Plaxton joined the Leveson Gower household on 6 June 1670, only a week after his ordination as deacon. He was instituted vicar of St Mary's Church, Sheriffhales, on 8 July 1673 by Bishop Thomas Wood. He was presented by William Leveson Gower, but he was not inducted into the benefice until 12 November. Four days later he stood before his congregation to make the statutory declaration of assent and consent to the liturgy and doctrine of the Church of England. Between his institution and his induction at Sheriffhales, on 20 October, Plaxton had been instituted and admitted as Rector of Kynnersley, a few miles north-west of Sheriffhales on the Weald Moors. Here too his patron was William Leveson Gower. Plaxton was to retain the rectory of Kynnersley throughout and beyond his time as vicar of Sheriffhales.

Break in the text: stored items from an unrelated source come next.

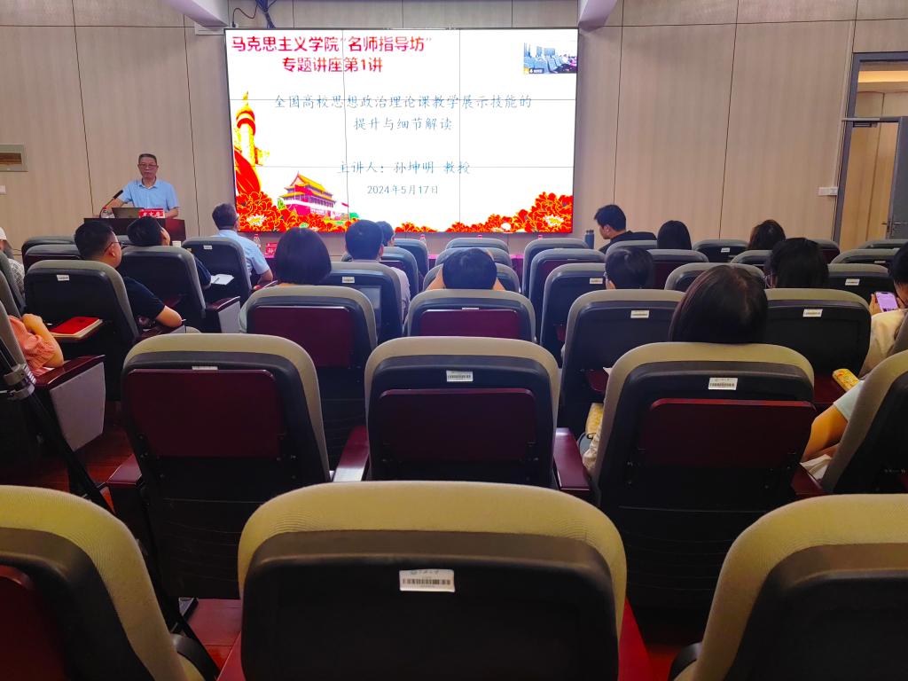 (通讯员:鲍秀丽)为提升思政课教师教学能力,进一步加强思政课课程建设,强化思政课育人成效,5月17日下午,学院特邀获第三届全国高校思政课教学展示活动“教学竞赛单元”现场教学展示一等奖获得者、西安建筑科技大学马克思主义学院孙坤明教授做客三峡大学“名师指导坊”作首场讲座。我院全体思政课教师、部分研究生及院内外线上线下百余名教师参加了学习,本次活动由副院长黎见春主持。
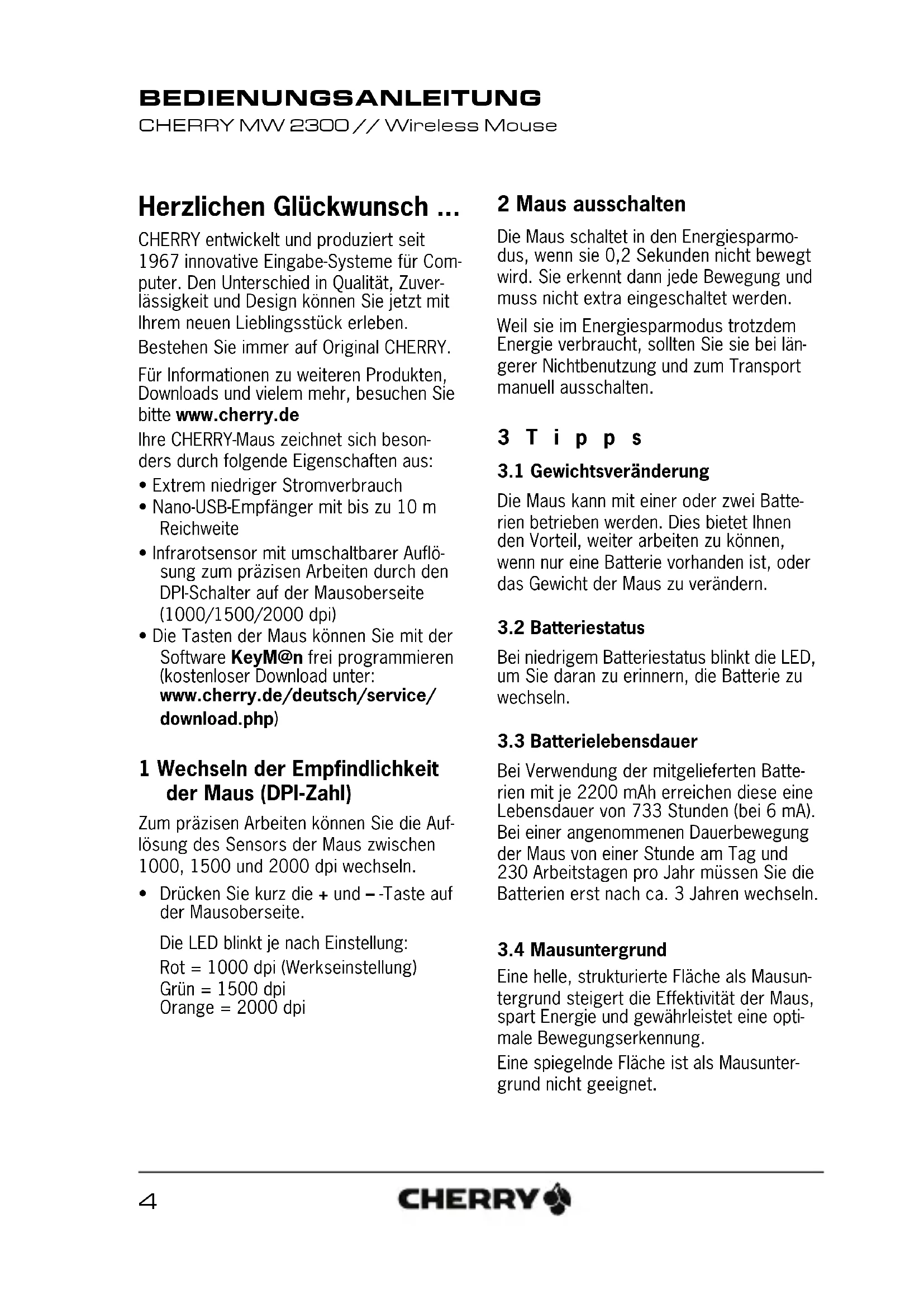 Geschäftsfeld Electronic Sys- tems, Auerbach/Opf., Deutsch- land, dass sich dieses Peripheriegerät mit Funkfunktion in Übereinstimmung mit den grundlegenden Anforderungen und den übrigen einschlägigen Bestimmungen der Richtlinie 1999/5/EG befindet. Die CE- Erklärung zur Konformität finden Sie unter folgender Internet-Adresse: http://www.cherry.de/compliance Klicken Sie dort auf den Produktnamen, um die CE-Erklärung zur Konformität zu öffnen.8 Congratulations ... CHERRY has developed and produced inno- vative input systems for computers since 1967. You can now experience the differ- ence in quality, reliability and design with your new favorite accessory. Always insist on original CHERRY products. For information on other products, down- loads and much more, visit us at www.cherry.de Your CHERRY mouse stands out especially due to the following features:
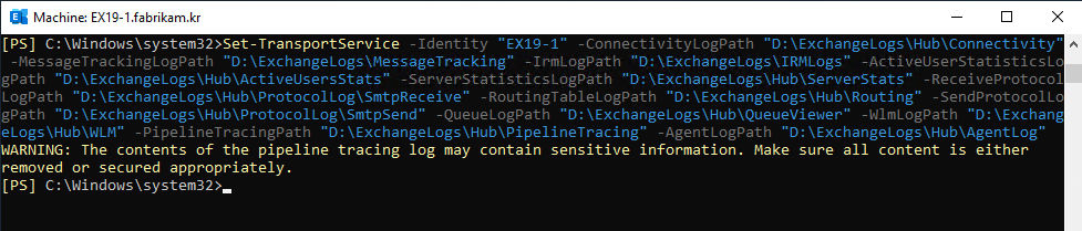| Set-TransportService -Identity "EX19-1" -ConnectivityLogPath "D:\ExchangeLogs\Hub\Connectivity" -MessageTrackingLogPath "D:\ExchangeLogs\MessageTracking" -IrmLogPath "D:\ExchangeLogs\IRMLogs" -ActiveUserStatisticsLogPath "D:\ExchangeLogs\Hub\ActiveUsersStats" -ServerStatisticsLogPath "D:\ExchangeLogs\Hub\ServerStats" -ReceiveProtocolLogPath "D:\ExchangeLogs\Hub\ProtocolLog\SmtpReceive" -RoutingTableLogPath "D:\ExchangeLogs\Hub\Routing" -SendProtocolLogPath "D:\ExchangeLogs\Hub\ProtocolLog\SmtpSend" -QueueLogPath "D:\ExchangeLogs\Hub\QueueViewer" -WlmLogPath "D:\ExchangeLogs\Hub\WLM" -PipelineTracingPath "D:\ExchangeLogs\Hub\PipelineTracing" -AgentLogPath "D:\ExchangeLogs\Hub\AgentLog" |
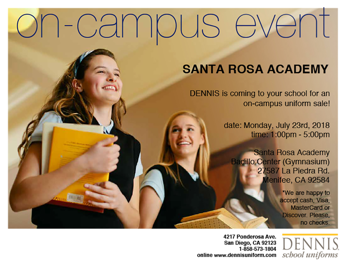 Dennis Uniform Sale July 2018 Our Annual Dennis Uniform Sale will be held on campus Monday, July 23rd from 1-5pm. March 30th, 2018| Share This Story, Choose Your Platform! facebooktwitterEmail Related Posts
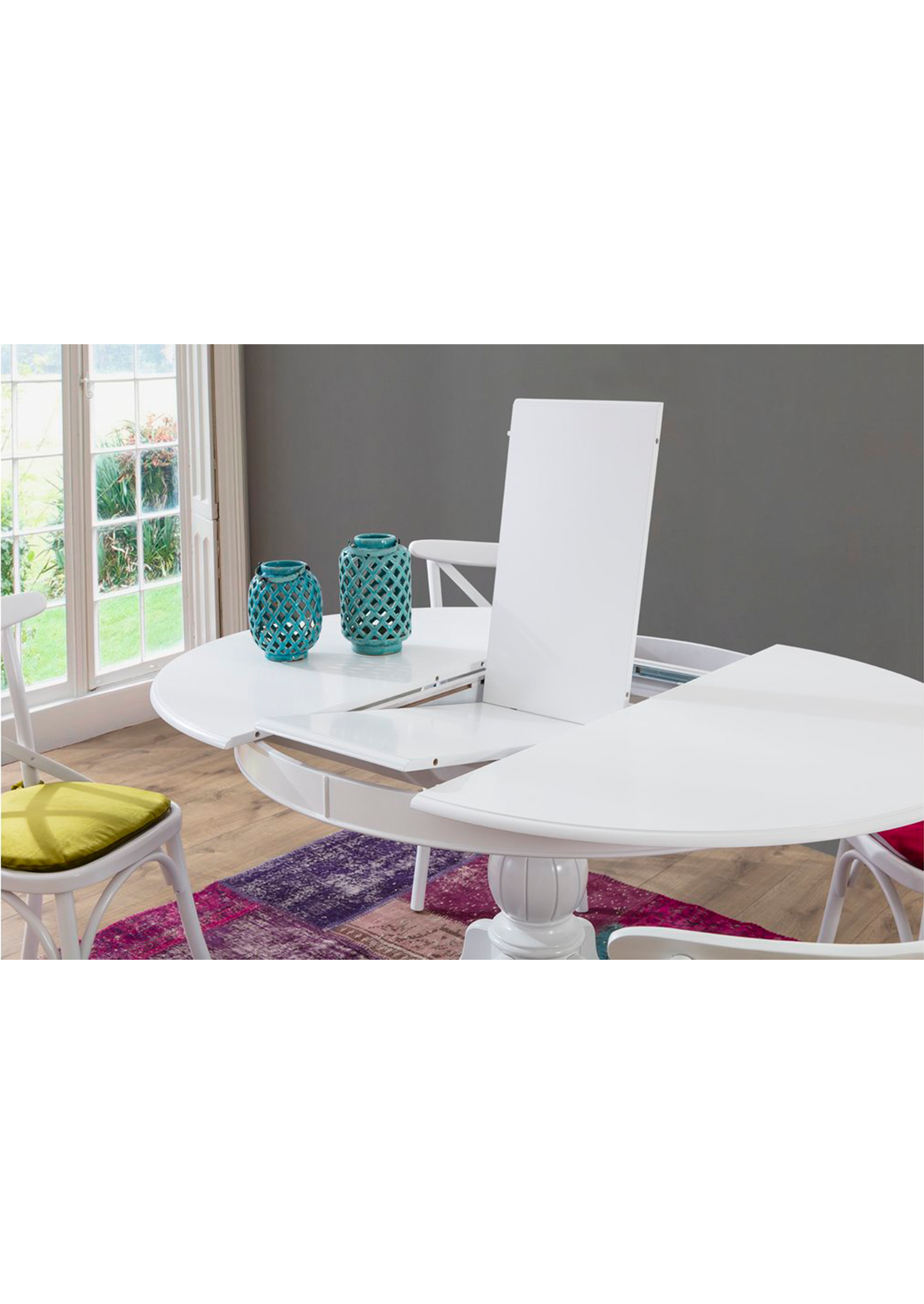 Esstisch Dalyan rund und ausziehbar, weiss, Durchmesser 118 cm
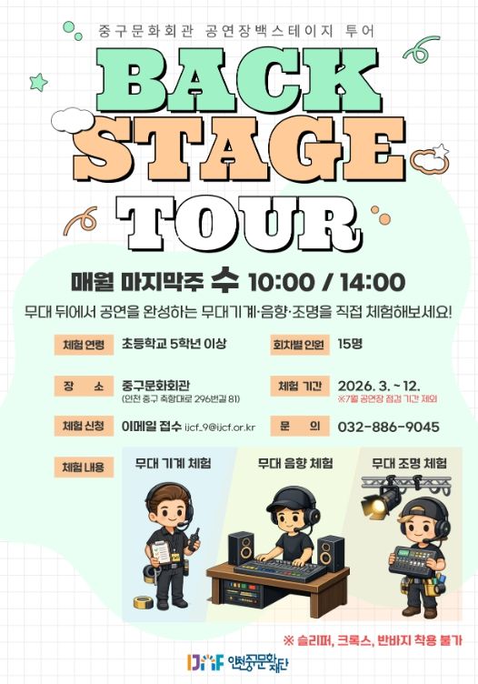 (시사미래신문) (재)인천중구문화재단은 시민들이 평소 접하기 어려운 공연장 무대 뒤 공간을 직접 체험할 수 있는 ‘2026년도 상반기 중구문화회관 백스테이지 투어’를 운영한다고 5일 밝혔다.
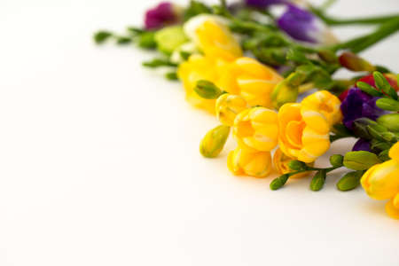Spring background. Beautiful spring freesia flowers on a white background. Place for text, close-up.

Plaxton seems to have resided mainly at Sheriffhales for more than a decade, as that is where his marriage took place and most of his children were born. However, Arthur Michell, one of his successors as vicar, was uncomplimentary on his record keeping, referring to "G. Plaxton, who from 1679 to 1690 failed to make proper entries" in the parish registers. He did at least make a proper entry for his own marriage, to Alice Perratt at St Mary's Sheriffhales on 29 September 1677. The Perratt or Perrat family were from York and evidently made a close connection with the Plaxtons, as later a Thomas Perrott was to marry George and Alice's daughter Anastasia. William, son of George and Alice Plaxton, was baptised on 29 December 1678. However, another son named William was recorded as baptised on 6 December 1679 This is all the Sheriffhales parish register tells of the Plaxton family but this is the period when George Plaxton's carelessness left large gaps in the record. Later, after he left Sheriffhales for Donington Plaxton had some family details inserted into the register of St Cuthbert's Church there. There are listed William, born in 1678 but recorded as baptised on 26 December; Jane, who was born in December 1679 (casting doubt on the second William) but died young in 1685; young George, born in 1681; John, who was born on 12 March 1683 and baptised immediately because he seemed so weak; Anastasia, born on Easter Day in 1686; Anna, born in 1688. All of these were actually born at Sheriffhales, although there is no mention of them in the register there, except for William. Only Charles was born at Donington, on 3 February 1690, and baptised on 3 March. The register for Kynnersley might tell more of the story, but it seems not to have been published.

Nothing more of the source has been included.